Omitting all images, output the entries that follow exactly as written.

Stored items
—————
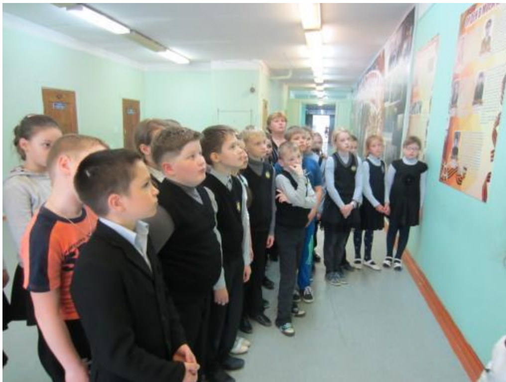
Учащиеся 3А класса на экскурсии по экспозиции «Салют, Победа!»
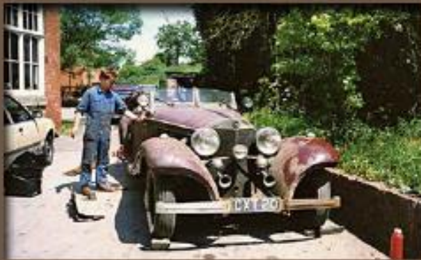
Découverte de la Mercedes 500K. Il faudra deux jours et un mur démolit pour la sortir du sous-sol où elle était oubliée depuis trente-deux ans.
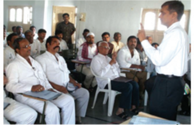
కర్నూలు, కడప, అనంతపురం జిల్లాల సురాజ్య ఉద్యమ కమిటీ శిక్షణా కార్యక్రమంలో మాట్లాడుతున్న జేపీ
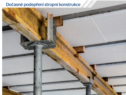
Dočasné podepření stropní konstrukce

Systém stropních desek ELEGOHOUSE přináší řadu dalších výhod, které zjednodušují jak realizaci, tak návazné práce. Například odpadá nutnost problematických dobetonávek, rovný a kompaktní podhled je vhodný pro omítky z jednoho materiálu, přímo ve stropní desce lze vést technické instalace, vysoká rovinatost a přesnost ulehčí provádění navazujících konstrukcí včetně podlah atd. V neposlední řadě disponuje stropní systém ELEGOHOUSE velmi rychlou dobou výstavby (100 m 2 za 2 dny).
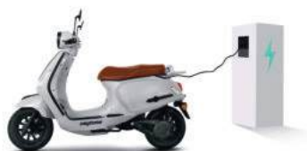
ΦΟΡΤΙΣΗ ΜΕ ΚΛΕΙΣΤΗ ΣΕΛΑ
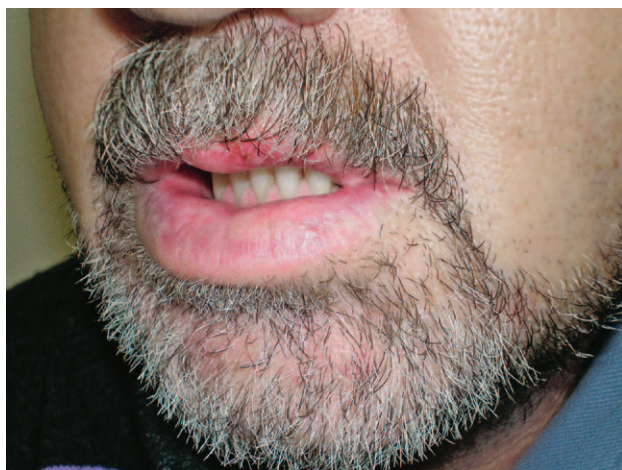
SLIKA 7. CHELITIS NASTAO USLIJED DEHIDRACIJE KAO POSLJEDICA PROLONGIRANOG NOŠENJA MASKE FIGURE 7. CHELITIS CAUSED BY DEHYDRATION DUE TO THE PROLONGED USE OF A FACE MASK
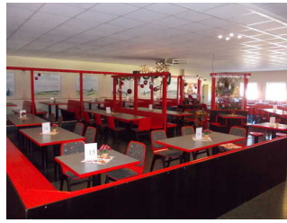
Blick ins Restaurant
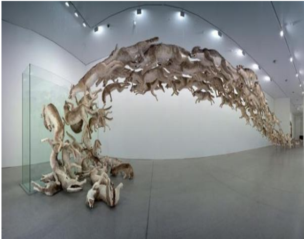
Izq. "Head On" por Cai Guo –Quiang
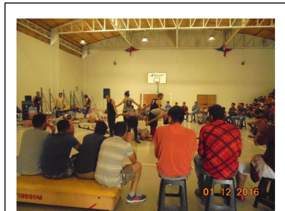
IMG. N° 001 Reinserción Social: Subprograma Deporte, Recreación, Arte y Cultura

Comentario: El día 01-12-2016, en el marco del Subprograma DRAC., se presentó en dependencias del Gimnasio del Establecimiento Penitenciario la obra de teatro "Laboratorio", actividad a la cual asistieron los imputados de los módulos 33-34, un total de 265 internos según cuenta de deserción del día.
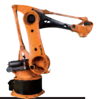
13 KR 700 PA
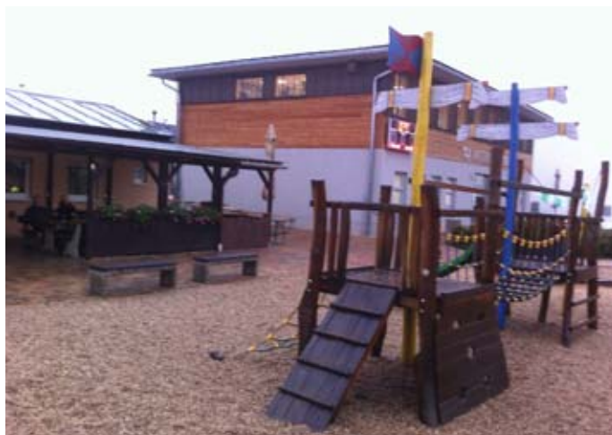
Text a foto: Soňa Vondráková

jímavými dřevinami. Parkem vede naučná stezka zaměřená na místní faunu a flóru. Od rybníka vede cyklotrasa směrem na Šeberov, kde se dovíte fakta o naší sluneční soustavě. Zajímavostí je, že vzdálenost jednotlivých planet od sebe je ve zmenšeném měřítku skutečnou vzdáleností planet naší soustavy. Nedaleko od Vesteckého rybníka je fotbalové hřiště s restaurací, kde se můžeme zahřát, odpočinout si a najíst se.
—————
▶ TASK OUTPUT
Учащиеся 3А класса на экскурсии по экспозиции «Салют, Победа!»
Découverte de la Mercedes 500K. Il faudra deux jours et un mur démolit pour la sortir du sous-sol où elle était oubliée depuis trente-deux ans.
కర్నూలు, కడప, అనంతపురం జిల్లాల సురాజ్య ఉద్యమ కమిటీ శిక్షణా కార్యక్రమంలో మాట్లాడుతున్న జేపీ
Dočasné podepření stropní konstrukce

Systém stropních desek ELEGOHOUSE přináší řadu dalších výhod, které zjednodušují jak realizaci, tak návazné práce. Například odpadá nutnost problematických dobetonávek, rovný a kompaktní podhled je vhodný pro omítky z jednoho materiálu, přímo ve stropní desce lze vést technické instalace, vysoká rovinatost a přesnost ulehčí provádění navazujících konstrukcí včetně podlah atd. V neposlední řadě disponuje stropní systém ELEGOHOUSE velmi rychlou dobou výstavby (100 m 2 za 2 dny).
ΦΟΡΤΙΣΗ ΜΕ ΚΛΕΙΣΤΗ ΣΕΛΑ
SLIKA 7. CHELITIS NASTAO USLIJED DEHIDRACIJE KAO POSLJEDICA PROLONGIRANOG NOŠENJA MASKE FIGURE 7. CHELITIS CAUSED BY DEHYDRATION DUE TO THE PROLONGED USE OF A FACE MASK
Blick ins Restaurant
Izq. "Head On" por Cai Guo –Quiang
IMG. N° 001 Reinserción Social: Subprograma Deporte, Recreación, Arte y Cultura

Comentario: El día 01-12-2016, en el marco del Subprograma DRAC., se presentó en dependencias del Gimnasio del Establecimiento Penitenciario la obra de teatro "Laboratorio", actividad a la cual asistieron los imputados de los módulos 33-34, un total de 265 internos según cuenta de deserción del día.
13 KR 700 PA
Text a foto: Soňa Vondráková

jímavými dřevinami. Parkem vede naučná stezka zaměřená na místní faunu a flóru. Od rybníka vede cyklotrasa směrem na Šeberov, kde se dovíte fakta o naší sluneční soustavě. Zajímavostí je, že vzdálenost jednotlivých planet od sebe je ve zmenšeném měřítku skutečnou vzdáleností planet naší soustavy. Nedaleko od Vesteckého rybníka je fotbalové hřiště s restaurací, kde se můžeme zahřát, odpočinout si a najíst se.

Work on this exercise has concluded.